A manager has to learn to apply appropriate technology to enhance work flow and organizational processes. Photo: iStockphoto
The difference between a manager and a machine is simply this: A machine makes the inevitable happen, whereas a manager makes the possible happen.
Management is the art and science of possibility.
The future is not sitting there like a duck waiting to be targeted. The future needs to be created by managers who have learnt to evolve.
Here are those evolutionary skills for managerial success in the volatile, uncertain, complex and ambiguous future.
#1: A high degree of self-awareness: This is the foundational skill required for managers who will have to travel multiple career paths in a work-life spanning 70 years or more. The days of a steady job and a retirement at 60 years will be over with longevity of human life steadily rising.
A manager of today needs to be clear about his strengths and values if he has to survive and thrive professionally for a long haul work life. Self-awareness will enable a manager to choose the right options based on his unique capabilities from a portfolio of opportunities.
#2: The future is about flexpertise: Flexpertise is expertise that is flexible.
Managers have to learn the skill of transferring their special skills and knowledge from one domain to another.
Flexpertise is about enhancing the scope of application of managerial skills outside one’s immediate work situation.
Thus, an HR manager needs to learn to extend her knowledge of people skills to the world of finance if she has to deal with human capital.
An IT manager will have to think like a strategist if he wishes to use cutting-edge technology to gain strategic advantage for the company.
#3. Managing interruption to engage in deep work: A recent study tells us that nearly 28% of an average manager’s work suffers because of constant interruptions by things that are neither significant nor urgent.
Unprocessed electronic mails constitute the bulk of the interrupters. The study further states that the average uninterrupted time a manager can work at a stretch is less than 10 minutes. One of the significant managerial skills of the future will be to learn to manage interruptions in order to perform meaningful and deep work.
#4. Adaptive skills for dealing with exponential change: Most managers are good in dealing with technical problems rather than adaptive problems.
In a technical problem, the solution resides outside the problem such as breakdown of a photocopier that can be fixed by hiring an expert. In adaptive problem the solution hides within the problem itself. An adaptive problem is low company morale. The solution to this cannot be found by hiring an expert from the outside. The manager needs to find the solution inside out delving deep into the mind space of an underperforming employee to find a solution to his low morale.

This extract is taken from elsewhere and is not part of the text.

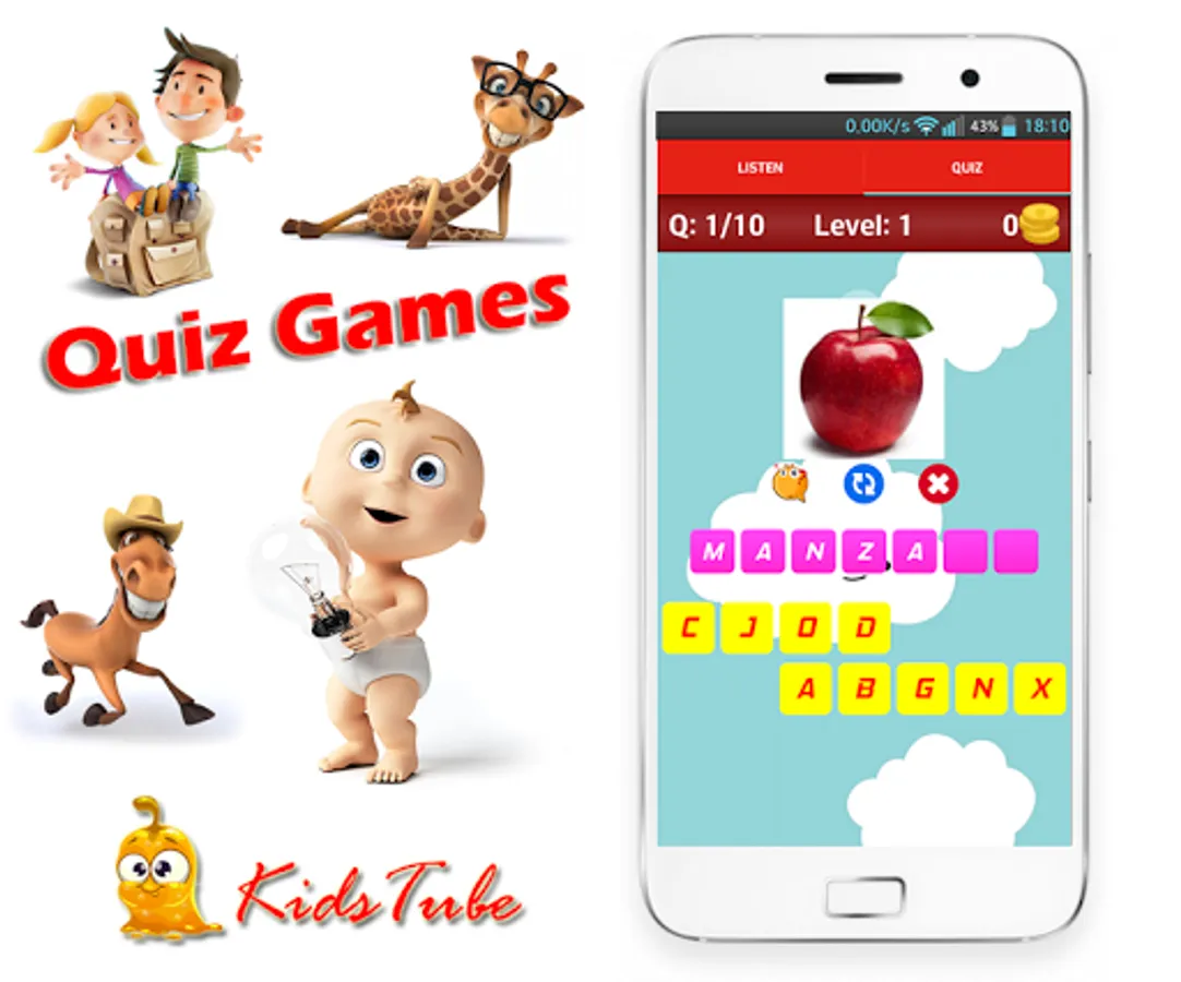 So, Learn Spanish for Kids has 2 fun game. In game, kids can practice phonics Spanish, help kids remember vocabulary better. One word will be automatically pronounced, kids have to listen what is it, then choose true image by touching screen.

#5. Application of new technology: It is not enough for managers of the future to be digital natives or just feel comfortable with new technology. A manager has to learn to apply appropriate technology to enhance work flow and organizational processes.
Most education managers try to fit modern technological tools to old and archaic education pedagogy. Thus even smart classrooms produce dull teachers and bored students.
#6. Wilderness skills and ecological literacy in the age of rapid response: We are quickly moving from the world of known unknowns to unknown unknowns. A century ago who would have thought of premium organic food, bottled water and oxygen parlours?
Who would have contemplated counting carbon footprints for sustaining businesses? Who would have speculated that star hotels chains will have to wear a tag of responsible luxury? Managers would require what one would describe as wilderness skills to succeed in unclear and complex world of environmental change.
#7 Cross-cultural literacy and collaborative skills: Most businesses will be networked globally and most managers would be immersed in a virtual world of cross-cultural transactions. This requires the ability to switch communication codes very rapidly across broad cultural spectrum in order to connect with people from multiple geographies.
Finally, the ultimate success factor of managing in the future is the management of one diminishing human resource: Attention. Managers cannot control the current of events that will happen in a given time. However, they have to learn navigational skills to steer their attention through information overload.
They have to go on periodic Internet diets and prevent time stealers to disrupt managerial work that requires sustained attention. They have to figure out which 25% of their time produces 75% of the outcomes. You show me someone who consciously prioritises his schedule and I will show you a successful manager of the future.